Canadian politicians are like hockey: They only get attention outside of their nation when they shock and appall.
When Jon Stewart earlier this week kicked off The Daily Show with a lampoon of the strange happenings in Ottawa, it marked a new low for a nation in the middle of an unprecedented political calamity.
Stewart remarked that the attempt by opposition parties to oust Prime Minister Stephen Harper was baffling for Americans to comprehend.
“Force him from office? You can do that?” Stewart said. “Because we’ve had no confidence in our guy for quite some time now, and he’s taking forever to leave.”
The Daily Show’s jokes followed scathing criticism in The Economist, which called the opposition’s attempted coup and Harper’s petulant response “un-Canadian”, and critical coverage in mainstream media outlets around the world.
When Harper, a Conservative, shut down Parliament until January 26 in order to save his job, Canadians were outraged and the rest of the world became curious.

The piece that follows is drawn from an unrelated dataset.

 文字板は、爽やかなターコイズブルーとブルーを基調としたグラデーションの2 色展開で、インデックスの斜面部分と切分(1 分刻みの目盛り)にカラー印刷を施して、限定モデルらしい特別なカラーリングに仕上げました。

Embroiled in the most turbulent economic crisis in a lifetime, the nation’s leader decided to halt government at a time the country is in great need of economic stimulus. That’s un-Democratic to his rivals, unbelievably stupid to many of his constituents and bizarre to everyone else.
In response, his rivals have acted fast. The Liberal party, which had banded together with the two other largest blocs in Parliament, replaced Stephane Dion with the more charismatic and articulate Michael Ignatieff as leader, acting under what it called emergency circumstances. Ignatieff is likely to be the nation’s next prime minister. Harper’s fate seems to be sealed.

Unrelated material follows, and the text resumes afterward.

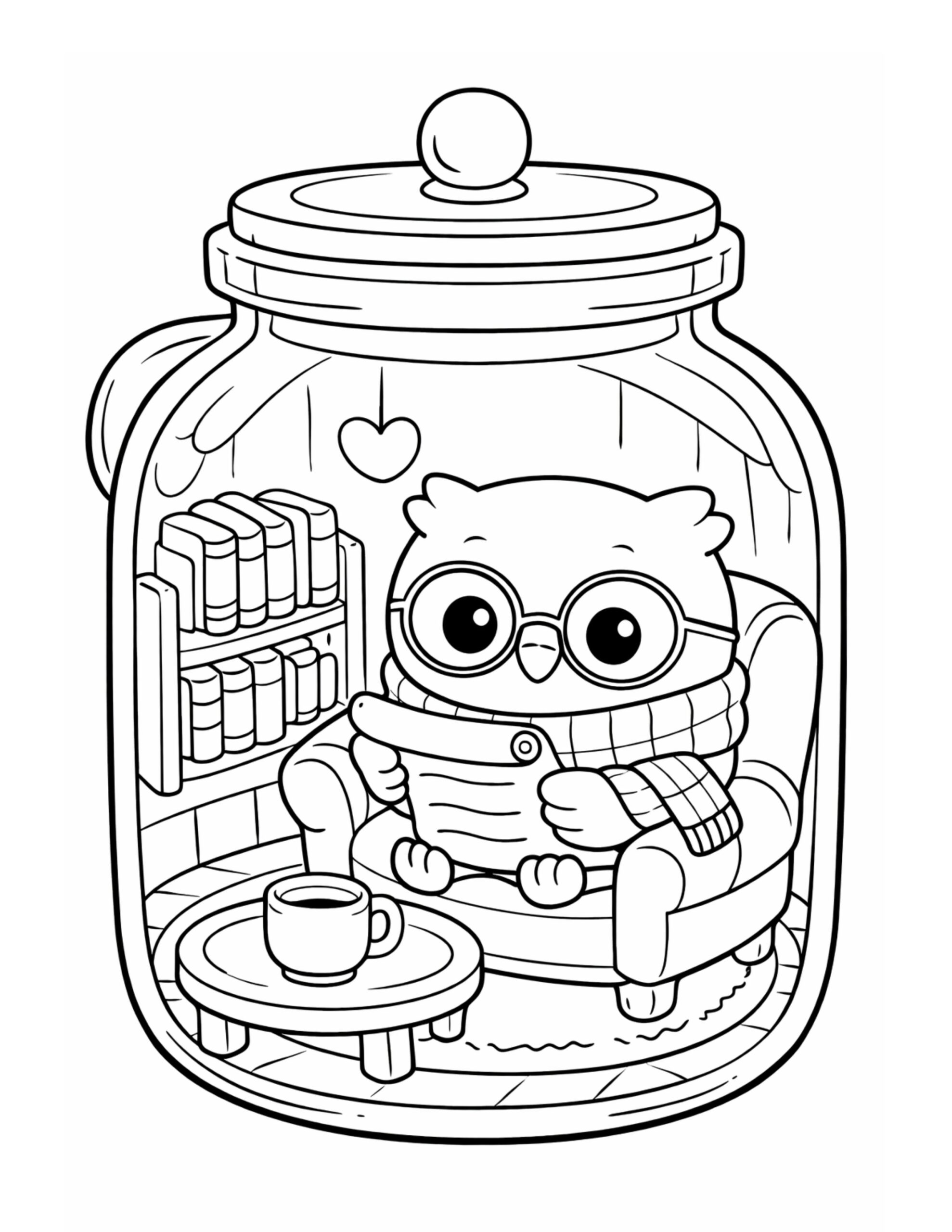 Because the scene has clear sections, it helps build concentration without feeling too busy. As you color the small bookshelf lines and the owl’s glasses, you naturally practice fine motor control.

When Ignatieff, 61, is in office, it will mark the first time the leaders of Canada and the United States share degrees from the same school. Both he and Barack Obama graduated (in different years) from Harvard University; Obama with a law degree, Ignatieff with a Ph.D in history.
Ignatieff, like Obama, is also an author and possesses a global outlook that was forged from time spent abroad. Ignatieff has lived in London and his wife is a Hungarian national.
Whether he has Obama’s gift for reconciliation and diplomacy with rivals remains to be seen. Perhaps with Harper out of the way, the partisanship that has plagued Canadian politics could fade. If it doesn’t, then the nation could find itself gaining more of the kind of attention its citizens find shameful.